The dataset used in this study is not publicly available due to a data privacy agreement with the CNOOC Research Institute Co. Ltd. However, it can be obtained from the corresponding author upon reasonable request.

The authors declare no conflicts of interest.

Syed Yasir Ali Shah: Methodology, Software, and Writing—original draft preparation. Jiangfeng Du: Investigation and Data curation. Sayed Muhammad Iqbal: Software and Data curation. Linze Du: Validation and Writing—review and editing. Umair Khan: Writing—original draft preparation. Baoyi Zhang: Conceptualization, Validation, writing—review and editing, and Funding acquisition.

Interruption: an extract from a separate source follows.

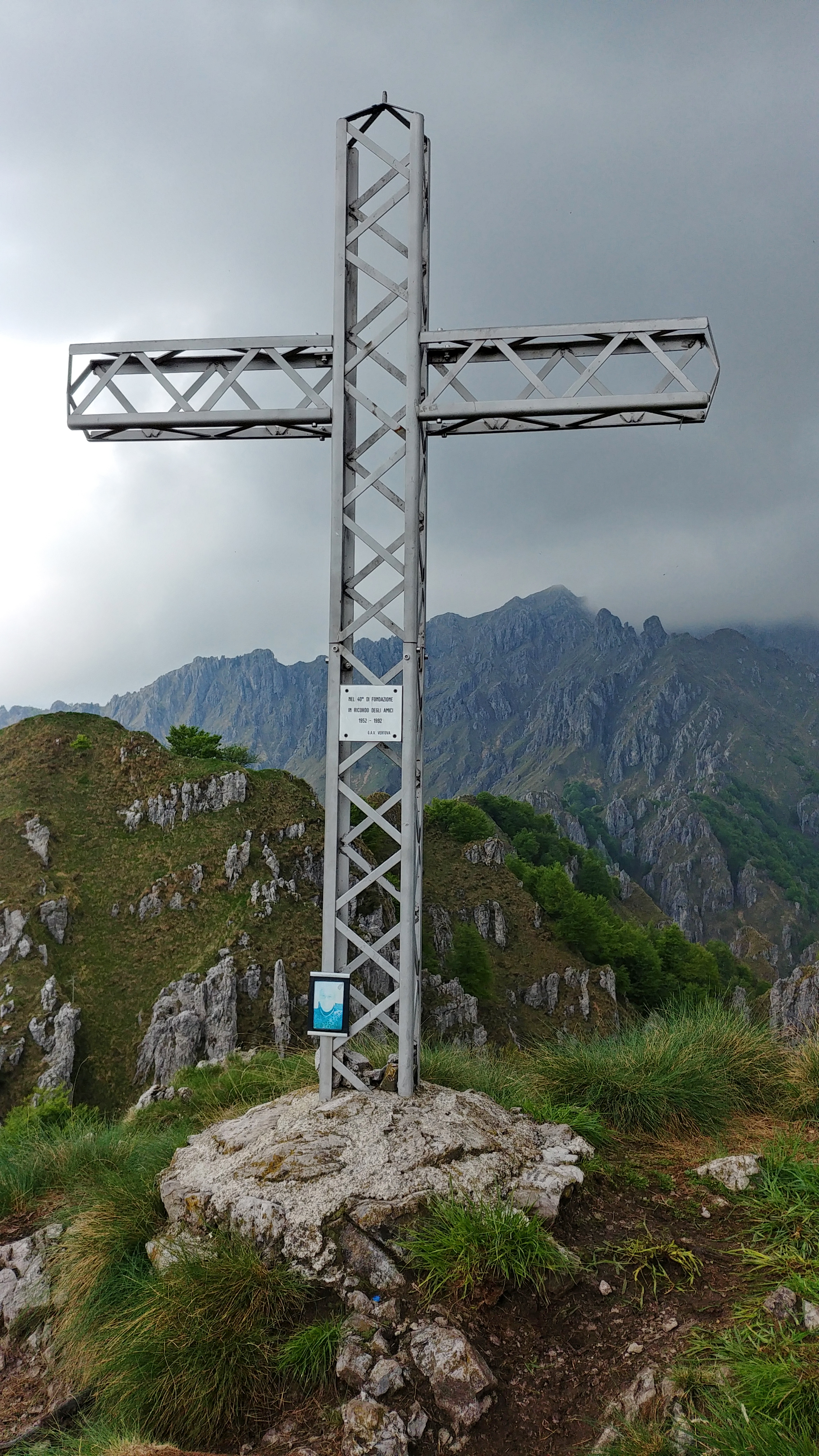 The cross on the mount Secretondo's summit

Jingqiang Tan: Conceptualization and Writing—review and editing.

This study was supported by grants from the National Natural Science Foundation of China (grant no. 42072326), the Hunan Provincial Natural Resource Science and Technology Planning Program (grant no. 20230123XX), and the Scientific Research Project of Geological Bureau of Hunan Province (grant no. HNGSTP202301).

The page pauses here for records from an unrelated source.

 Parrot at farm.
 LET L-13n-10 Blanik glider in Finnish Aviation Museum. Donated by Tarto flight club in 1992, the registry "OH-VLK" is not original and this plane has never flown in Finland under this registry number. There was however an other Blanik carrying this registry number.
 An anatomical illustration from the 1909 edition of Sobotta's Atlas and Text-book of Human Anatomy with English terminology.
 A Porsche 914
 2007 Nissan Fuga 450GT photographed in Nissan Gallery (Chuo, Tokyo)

Special thanks are extended to the MapGIS Laboratory Co-Constructed by the National Engineering Research Center for Geographic Information System of China and Central South University for providing the MapGIS® software (Wuhan Zondy Cyber-Tech Co. Ltd., Wuhan, China).

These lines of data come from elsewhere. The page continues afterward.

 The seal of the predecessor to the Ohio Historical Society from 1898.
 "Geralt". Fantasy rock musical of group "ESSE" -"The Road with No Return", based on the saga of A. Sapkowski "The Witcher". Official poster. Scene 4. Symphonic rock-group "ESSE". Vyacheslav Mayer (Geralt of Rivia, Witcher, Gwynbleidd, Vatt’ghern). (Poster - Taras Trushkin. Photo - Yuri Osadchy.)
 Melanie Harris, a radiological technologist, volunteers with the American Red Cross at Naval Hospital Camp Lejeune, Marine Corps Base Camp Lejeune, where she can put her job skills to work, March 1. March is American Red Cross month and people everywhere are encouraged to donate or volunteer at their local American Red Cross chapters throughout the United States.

Figure S1 shows well-to-seismic tie analysis for KD-6 well, integration of well log data and seismic response. Figure S2 depicts petrophysical interpretations of wells KD-06, KD-10, and KD-11. Figure S3 presents two-dimensional depth maps of (a) G and (b) E sands and influential data of (c) G- and (d) E-sand horizons. Figure S4 shows interpreted fault and horizon surfaces along the 3D seismic cube. Figure S5 depicts petrophysical log interpretation and estimation reservoir properties for wells KD-06, KD-10, and KD-11, and Figure S6 shows pore volume uncertainty assessment according to 200 realizations. Table S1 depicts start and end line numbers of the 3D seismic cube. Table S2 demonstrates three-dimensional seismic cube lines in the study area. Table S3 presents utilized wells in the study area. Table S4 shows utilized geophysical logs and their applications in this study, and Table S5 depicts the variogram parameters of permeability, porosity, water saturation, and shale volume in three3 directions.